If the Consultation proposals are applied without change, the type of payments to which the cap will apply are identified in the draft regulations but will include any non-exempt termination payments which represent a cost to the employer, including ex gratia sums, contractual payments in lieu of notice (though see below) redundancy payments, settlement payments made as a result of an ACAS or settlement agreement and pension contributions (including any “pension strain” payments to provide unreduced pension before normal pension age.

Importantly, whilst payments in lieu of notice are included in principle, those which amount to less than ¼ of an individual’s contractual entitlement will not be included in the sums subjected to the cap. As a general rule, accrued pension rights (including rights to pension commutation) fall outside this category, not being payable by the employer, so will also not be included.

Payments which are not “exit payments”, such as death in service, injury compensation and pay in lieu of untaken holiday, are expressly exempted from the cap.

Multiple exit payments

When calculating whether an individual’s exit payment should be subject to the £95,000 cap, employers must take into account all payments related to public sector exits received by the individual within a 28 day period.

In the case of more than one exit within 28 days the draft regulations prescribe the sequence in which exit payments will have to be paid when applying the cap, as follows:

• in chronological order if the payments are not made on the same day but otherwise,

• in descending order of salary;

• (where the salaries are equal) in the descending order of hours worked;

• (where the salaries and hours worked are equal), in descending order of the person’s length of the service in the employment or as holder of the office; or

• (where the salaries, hours worked and length of service in the employment or as holder of the office are equal), in the order determined by the relevant Minister

Can the restrictions be relaxed?

The draft regulations identify various situations where public bodies will be obliged to relax the application of the cap. These include where a payment is a liability acquired as a result of the TUPE regulations or to settle whistleblowing or discrimination claims.

The guidance states that it is expected that an employer will make legal advice available to the person exercising the power to relax the restrictions that demonstrates that, on the balance of probabilities, the individual has made a disclosure covered by whistleblowing legislation and that an employment tribunal would find that they had been dismissed (or subjected to a detriment) as a result of that disclosure. And similarly, in discrimination cases that, on the balance of probabilities, an employment tribunal would find that they had been a victim of discrimination.
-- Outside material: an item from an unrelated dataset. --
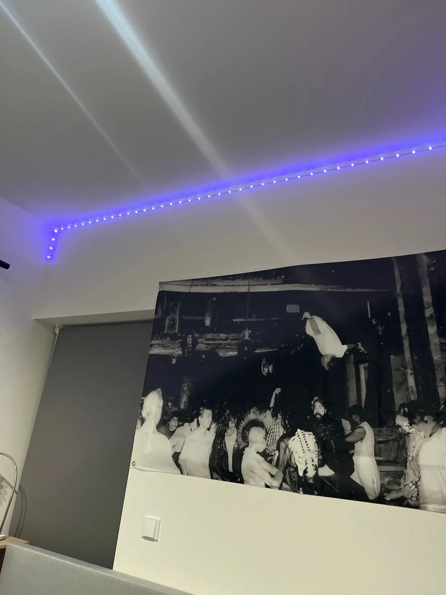 For this price, it's a great tape. It works through the app, there are no batteries in the remote. The app sometimes lags, but again, for this price it's just nitpicking. It sticks well with double-sided tape and doesn't get very hot. It arrived quickly. The light colors all blend into shades of white. The brightest colors look beautiful. In the photo - red, pink, blue, green, and yellow.
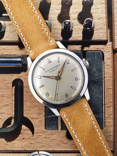 Other: This rare 1950s manual-winding GP is absolutely gorgeous with its creamy "eggshell" dial and vibrant yellow lume. We love the unique hour markers! The 35mm stainless steel screw-back case slides nicely under a cuff and sits comfortably on the wrist. If you're looking for a versatile and interesting conversation piece with a workhorse manual-winding movement, this is it! Once this one is gone, you won't find another one exactly like it...

Deviation from the cap may also be permitted on hardship grounds or grounds related to urgent workplace reforms. Any such step will be tightly controlled and monitored and must conform to Treasury requirements.

Disclosure obligations

The current proposals oblige a public sector worker who has two or more public sector employments in scope of the exit payment cap they must inform all other public sector employers:

• that they are entitled to receive an exit payment

• the amount and type of that exit payment

• the date that they left employment or office

• the identity of the relevant authority that made the exit payment

Comment

Despite reference to a phased introduction of these reforms, pending conclusion of the Consultation and final regulations, it is not yet certain how this will operate in practice. Further clarification on this and precisely which public bodies will be caught in first phase will be needed.
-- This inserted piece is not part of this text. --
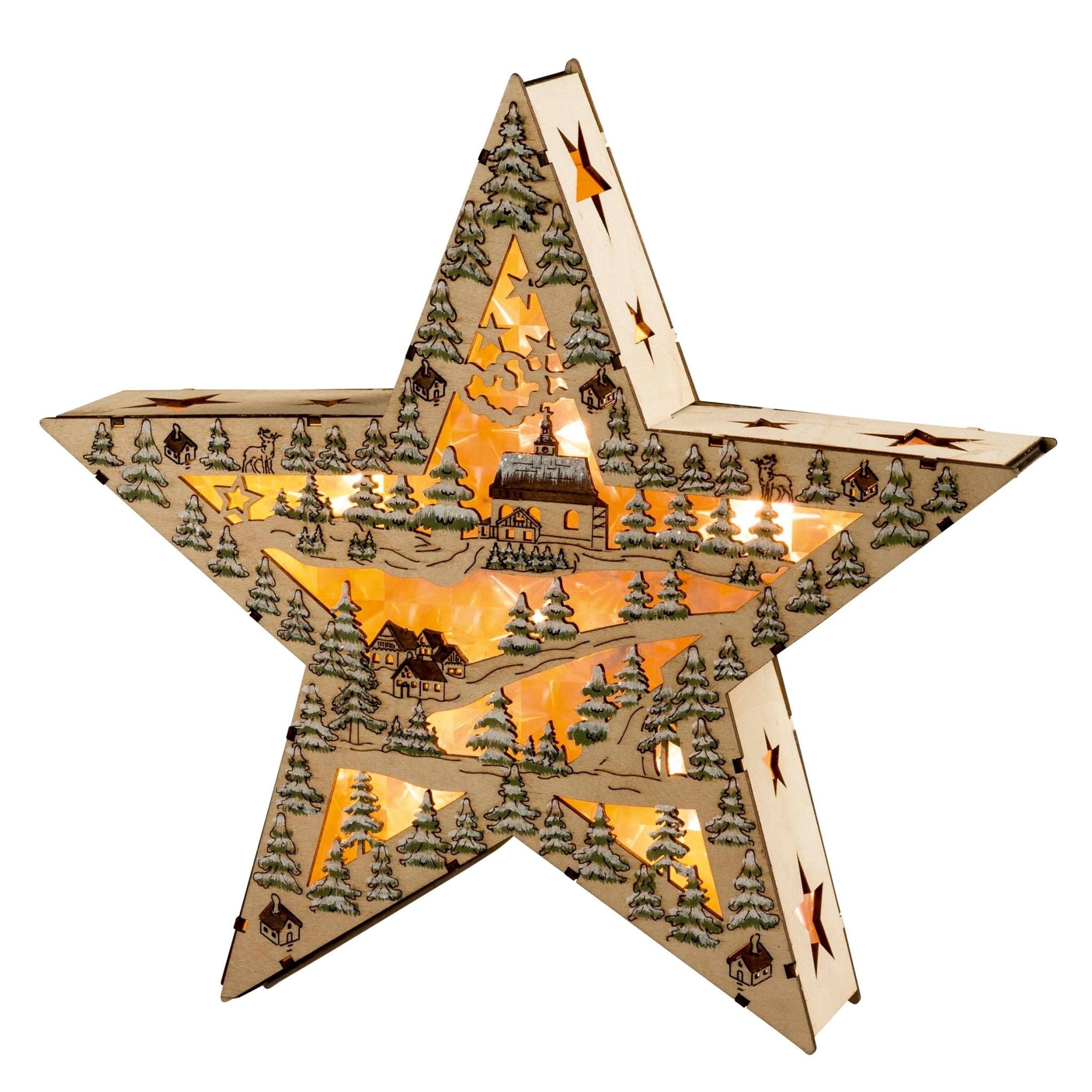 Dieser Dekostern ist entgegen seiner Adventsstern "Artgenossen" nicht unbedingt zum Aufhängen gedacht, sondern dient als Weihnachtsdekoration zum Hinstellen. Mit einem winterlichen Landschaftsmotiv in der Mitte und den vielen kleinen Tannenbäumen auf dem Rahmen schafft er sofort die richtige Stimmung. Seitlich außen sind zusätzlich Sternenformen eingefräst. Die sparsame LED Beleuchtung schafft zudem ein wunderbares Licht und lässt das Motiv 3-Dimensional wirken. Haben Sie schon die kleine Kirche entdeckt? Farblich ist der Adventsstern im Country Style gehalten. Der Stern wird durch Batterien betrieben und verfügt zudem über eine Timerfunktion.

The draft regulations also reveal a complex framework of principles and exemptions which academies and schools will need to plan for but, also, to work through carefully for each future, highly-paid departure. Although Government resolve to implement this change is indisputable, whether every proposal in the Consultation is carried forwards into final regulations as a realistic legal or practical solution, remains to be seen.

For further information please contact:

Ben Wood

Partner

benwood@eversheds-sutherland.com

07876 780 298

New Health and Safety Guidance for Schools – Your Responsibilities and Duties

In November 2018 the Department for Education published updated guidance on “Health and safety: responsibilities and duties for schools”. This guidance is expressed to be for school employers; proprietors; headteachers and school staff and to apply to academies and free schools; maintained schools; local authorities; independent schools and non-maintained schools.

The guidance (which was first published on 3 June 2013 and previously updated on 13 February 2014) provides an overview for those managing schools and school related activities, on their key duties under health and safety legislation.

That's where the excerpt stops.